A star manager culture has helped support higher charges and advisers bought in hook, line and sinker. Why else do you think so many large US fund managers came to the UK?
Many confuse funds under management (FUM) with profit or shareholder assets; the reality is that FUM is an input cost for asset houses. An asset business can run multibillion portfolios and still make a loss if its operating margin is wrong.
There is a term used in the fund industry but rarely openly discussed, it’s how much a fund manager can ‘sweat’ their assets (basically how much they can charge).
The implications of compressing fees are that large houses will be less able to sweat assets in future as margins fall.

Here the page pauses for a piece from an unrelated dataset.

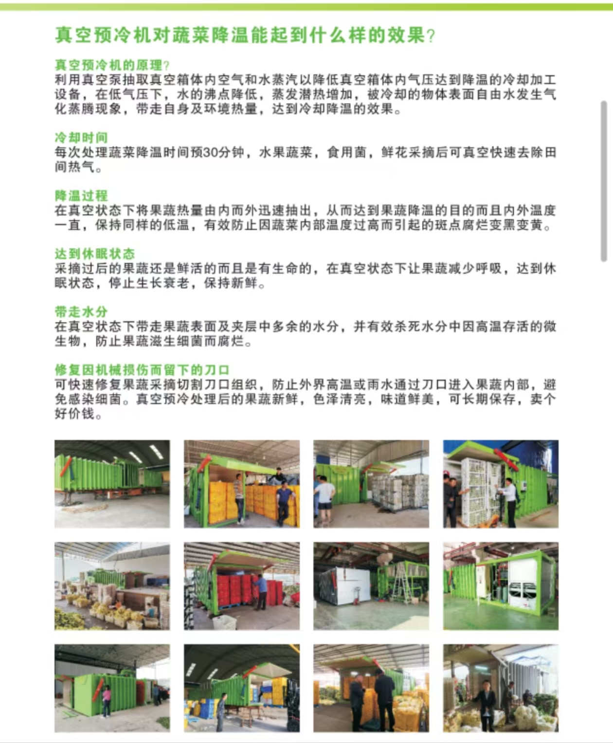 7. 可以延長(zhǎng)貨架期,經(jīng)真空預(yù)冷的葉菜,無(wú)須冷藏可以直接進(jìn)超市。

What are the signs – are the revenues of the larger houses going up or down?
Schroders reported £315 million in net revenue in Q3 2013, up from £246 million in Q3 2012. Excluding the addition of acquired Cazenove assets of £27.2 billion, Schroders’ assets over the same period went from £212 billion to £229.5 billion (£12 billion in investment returns and £5.5 billion in inflows).
That works out as £728 revenue for every £1 million assets in Q3 2013, compared to £846 revenue for every £1 million assets in Q3 2012.
Admittedly some of the earnings from the asset growth will have yet to be realised at the reporting date, but generally speaking earnings appear to be going up but at a slower rate than FUM. Looking at the earnings results of a few of the other IMA premiership revealed similar stories.
Now the UK market is going through the biggest reform since polarisation with the retail distribution review (RDR) and rising scrutiny over fund fees.
I suspect if the government weren’t looking into such a long-term savings abyss then it would be quite happy to keep the status quo and keep the taxes coming through the square mile.